What she got was the opposite.

The room was full—six, maybe seven of the Royal Bastards crammed inside, laughing loud enough to make the nurse down the hall shoot a warning glance. Someone was perched at the end of the bed, another leaning against the window, arms crossed and grinning.

Sayer was propped up with a pillow behind him, a fresh bandage on his side, shirt half-buttoned, and a smirk aimed dead at the guy giving him shit about something she missed on the way in.

“She’s gonna trade you in for a dog that listens better,” one of them was saying.

“Wouldn’t blame her,” Sayer shot back, voice rough but steady. “Dog probably doesn’t come with bullet wounds and trust issues.”

The guys laughed, and Diamond stood frozen in the doorway, caught somewhere between confusion and whiplash.

This wasn’t the man she’d come to fight with. This was the man she cared about, surrounded by the people who clearly cared back.
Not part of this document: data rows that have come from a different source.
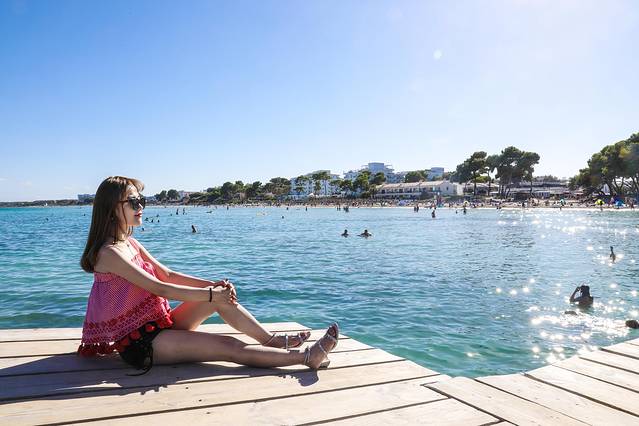 Playa De Muro(穆罗海滩),马略卡岛最优质的海滩之一,水碧、沙细、浪白,被誉为西班牙的蓝旗海滩。查了资料才知道,原来西班牙是世界上拥有蓝旗海滩数量最多的国家,其次是希腊。
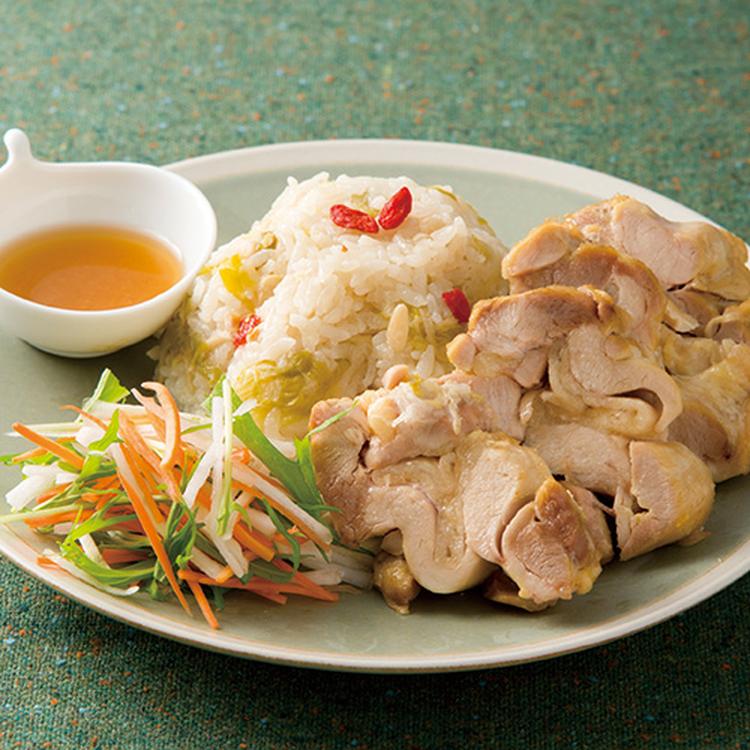 参鶏湯のスープで炊いたご飯に、茹で鶏をのせて
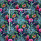 Wasserfarbene exotische tropische Sukkulente, Kakteen und Bananen Blätter Blume Garten auf einem dunkelblauen Hintergrund. Beachte! Sie können die Kachelgrößen ändern, um die Größe des zeichnend anzupassen, indem Sie auf "Anpassen!" klicken.
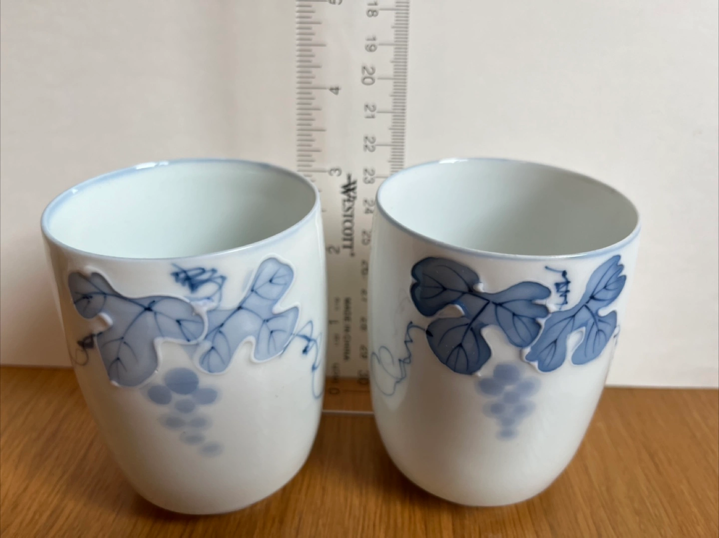 Elevate your tea or sake experience with this elegant set of two Japanese porcelain cups, each adorned with delicate blue grape vine designs. These cups are brand new and in original box.
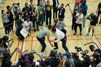 昨季NBAファイナルで自身4回目の優勝を果たし、初のファイナルMVPも受賞。練習前には、関係者を通じて練習場を訪れた宮城野親方(元横綱・白鵬)に歩み寄り、即席の“稽古”も実施した。
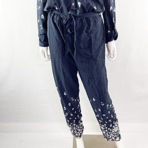 Lilka Anthropologie Size S Navy Blue Floral LAKESHORE Long Sleeve Jumpsuit
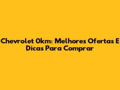 Chevrolet 0km: Melhores Ofertas E Dicas Para Comprar
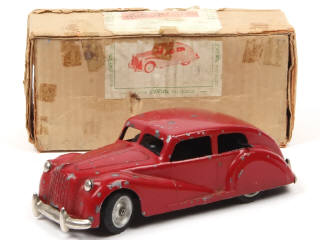 longueur 17,5 cm - moteur à clef (à revoir) - avec direction automatique, renversement de marche & notice - pneus séchés (dont un endommagé)

And suddenly, she didn’t know what to say.

Chapter Thirty-Seven

“There she is,”one of the guys said, spotting Diamond standing in the doorway.

“You might wanna let the door close before one of the nurses comes down here fussing,” another added with a laugh.

Diamond let the door swing shut behind her. “I see how things are with you,” she said, walking toward the bed. “I’ve been out here worried you were miserable, and you’re in here throwing a damn party.”

“Oh hell, not even an Ol’ Lady a week and she’s already giving you shit,” one of the brothers cracked, laughter rippling through the room.

“No one said anything about me being an Ol’ Lady,” Diamond shot back with a teasing smile. She didn’t want anyone getting ahead of themselves.

She didn’t miss Teller standing quietly toward the back of the room. Diamond gave him a curt nod, then turned her attention back to Sayer.

Leaning down, she kissed him—short, deliberately, unapologetically—to the sound of exaggerated kissing noises from the peanut gallery.

Rolling her eyes, she reminded herself how damn childish men could be.

She studied his face, looking for any hint he didn’t want her there and found none.